[Date Prev][Date Next][Thread Prev][Thread Next][Date Index][Thread Index]
VMs: VMS: Old Stuff

To: vms-list@xxxxxxxxxxx
Subject: VMs: VMS: Old Stuff
From: Jacques Guy <jguy@xxxxxxxxxxxxxxxx>
Date: Wed, 09 Jul 2003 15:58:13 +1000
Reply-to: vms-list@xxxxxxxxxxx
Sender: owner-vms-list@xxxxxxxxxxx
Since there are many new members, who certainly will never
wade through the megabytes of archives, here is an old post
which I found on a very dusty corner of my hard disk (do
disks have corners?). Oh, do set your mail reader to a Courier
font, otherwise it won't display properly.

This is one of Boris Viktorovich Sukhotin's decipherment 
algorithms, which I had adapted from a French translation
published in T.A. Informations in 1974. My comments are
in (*...*)


             PARTITIONING A TEXT INTO ITS MORPHEMES


(* The algorithm effectively partitions a text into its
morph components, not morphemes, but it will turn out to be far
more powerful than that: it can be expected to do a morphological
analysis of an unknown text. "Morph" should be read for "morpheme"
whenever the latter occurs in the text *)

We will assume that the text to be partitioned has no spaces
to separate words and we also assume that the spelling used is
phonemic.

(* The former assumption makes the problem more general and somewhat
more difficult. There is no need for the latter: the algorithm
will apply to strings of ideograms as well as to strings
of phonemes equally successfully *)

As in the case of the consonant/vowel algorithm, we start by
defining the set of acceptable solutions.


SET OF ACCEPTABLE SOLUTIONS

A partition of a text into disjoint subsets is an acceptable
solution.

A few definitions need to be introduced before going further.

A text is a mapping of an alphabet A (a set of letters) onto a
set of locations L. In other words, a text is a set of 2-tuples
of the type (a,p) where  a  is a letter and  p  its position in
the text.

A string Str(s,t) (where s and t are integer numbers and s>=0)
is a set of 2-tuples of the type {(a[i],p[j])} in which s<p[j]<=t.
A text T is a string Str(0,p), p being its length.

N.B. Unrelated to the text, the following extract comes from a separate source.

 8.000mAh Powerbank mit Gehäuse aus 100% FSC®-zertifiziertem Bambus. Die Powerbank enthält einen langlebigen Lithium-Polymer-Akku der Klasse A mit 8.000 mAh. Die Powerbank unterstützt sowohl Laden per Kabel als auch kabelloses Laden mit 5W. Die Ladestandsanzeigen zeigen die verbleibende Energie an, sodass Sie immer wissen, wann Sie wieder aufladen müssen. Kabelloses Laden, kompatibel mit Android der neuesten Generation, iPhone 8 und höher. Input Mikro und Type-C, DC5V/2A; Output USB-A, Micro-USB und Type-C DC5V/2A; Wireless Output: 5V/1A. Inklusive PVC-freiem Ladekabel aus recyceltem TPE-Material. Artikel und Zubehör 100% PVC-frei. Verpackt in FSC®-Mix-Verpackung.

(* The notation is somewhat unclear; a[i] is presumably the ith letter of
the alphabet, p[j] the position in T of the jth letter of Str(s,t).
That definition of a string allows for disconnected strings (eg.
"dfton" is a string of the text "definition": {('d',1),('f',3),
('t',7),('o',9),('n',10)} ). Whether Suhotin actually intended it
to be so is unclear. The definition of a text as a string
Str(0,n) of length n is counterintuitive; Str(1,n) would seem
more appropriate. It does allow for a null text Str(0,0),
yet there is no point is partitioning a null text *)

A partition P of a text Str(0,n) is a set of strings {Str[i](s,t)}
such that to each string Str[i](s,t) for which t<>n one can associate
a string Str[i+1](t,v). Str(s,t) and Str(v,w) have a non-empty
intersection if s<v<t<w or if v<s<w<t. (Since strings are sets,
we can use the terminology of set theory and say that a text is
included in another or that two texts have a non-empty intersection.)

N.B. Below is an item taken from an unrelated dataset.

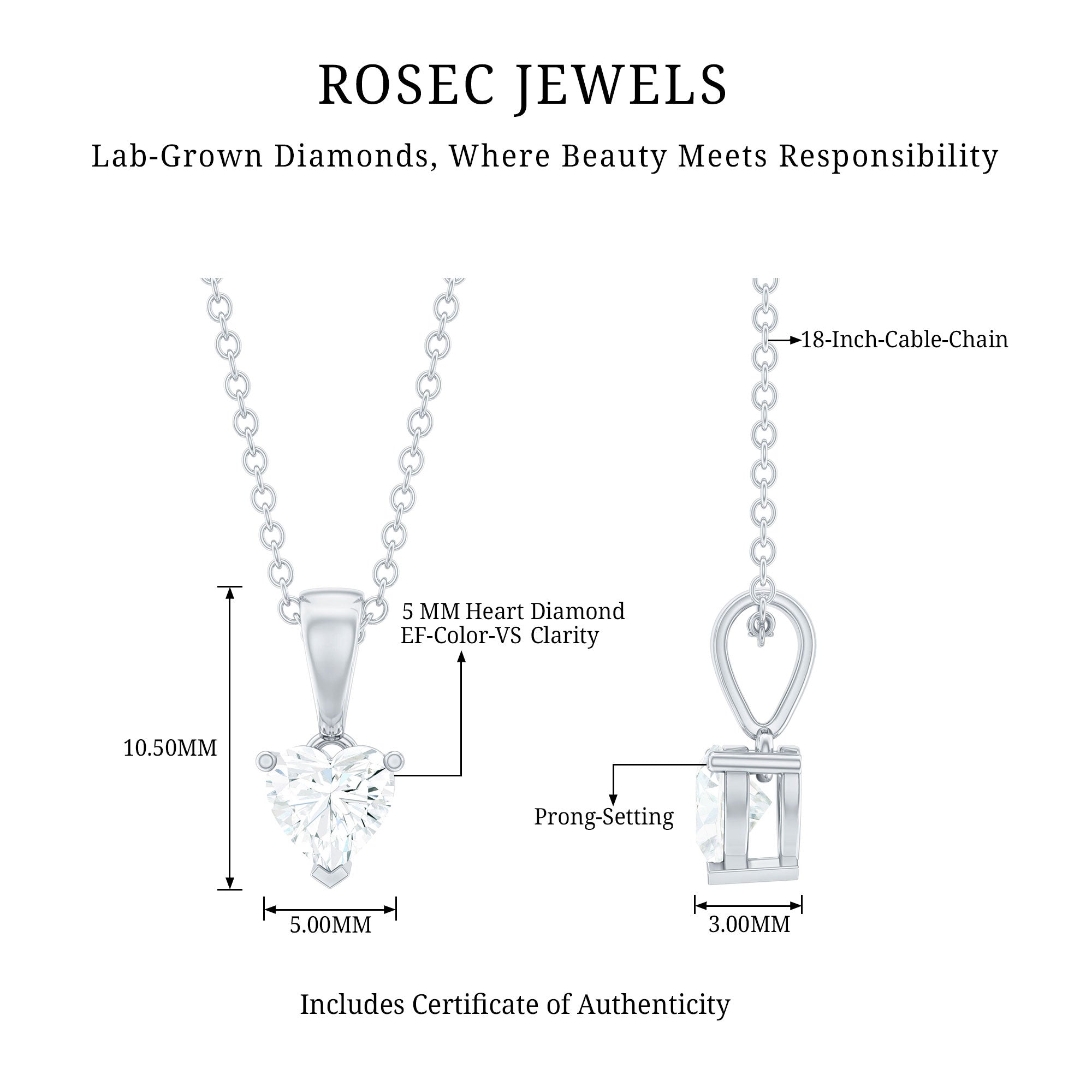Certified Lab Grown Diamond 5 mm Heart Necklace With Silver Chain

Suppose that some relation of similarity on the set of strings of
text T has been defined.

A morpheme m is the set which contains some string Str(s,t) of T
and all the all strings of T similar to Str(s,t).

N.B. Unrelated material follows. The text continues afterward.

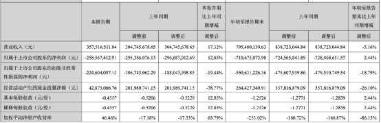 *ST猛狮公布,公司前三季度实现营业收入7.95亿元,同比下降5.16%;归属于上市公司股东的净亏损7.11亿元,同比增加2.44%。值得注意的是,前三季度经营活动产生的现金流量净额为2.64亿元,同比减少26.1%。

Let M be the set of the morphemes of T. Given an arbitrary partition
P of T, some strings of m are also strings of P, and some are not.
We say that the strings of m which are also strings of P are true
occurrences of the morpheme m relatively to P, and those which are
not are false occurrences of m.

If the partition P does not contradict our intuition we can say that
those occurrences are true or false absolutely rather than relatively
to a partition.

For instance, "pint" is a true occurrence of the morpheme "pint"
in 1) below, but it is not in 2), and "ilk" is a false occurrence
of the morphem "ilk" in 1):

1) |A|pint|of|milk|
2) |Keep|in|touch|

A morpheme is true if there is at least one absolutely true
occurrence of it in T.

A definition of "acceptable solution" now emerges: an
acceptable solution consists of:

1) a partition of the text
2) a set of morphemes

Let us now turn to the problem of defining a similarity relation.

A possible definition is:

Two strings Str(s,t) and Str(v,w) are similar when one can
be obtained from the other by translation, that is, if
Str(s,t) = { (a[x],p[j]), (a[y],p[j+1]), ... } and
Str(v,w) = { (a[x],p[y+c]), (a[y],p[j+1+c), ... } in which
c is an integer constant.

A morpheme m is then conveniently represented by the string
Strm(0,n) of length n, similar to any string of m and consisting of
2-tuples (a[x],p[y]) in which 0<p[y]<=n. A morpheme m[i]
alphabetically contains another m[j] if the string Strm[i]
(* which is a set *) contains the string Strm[j].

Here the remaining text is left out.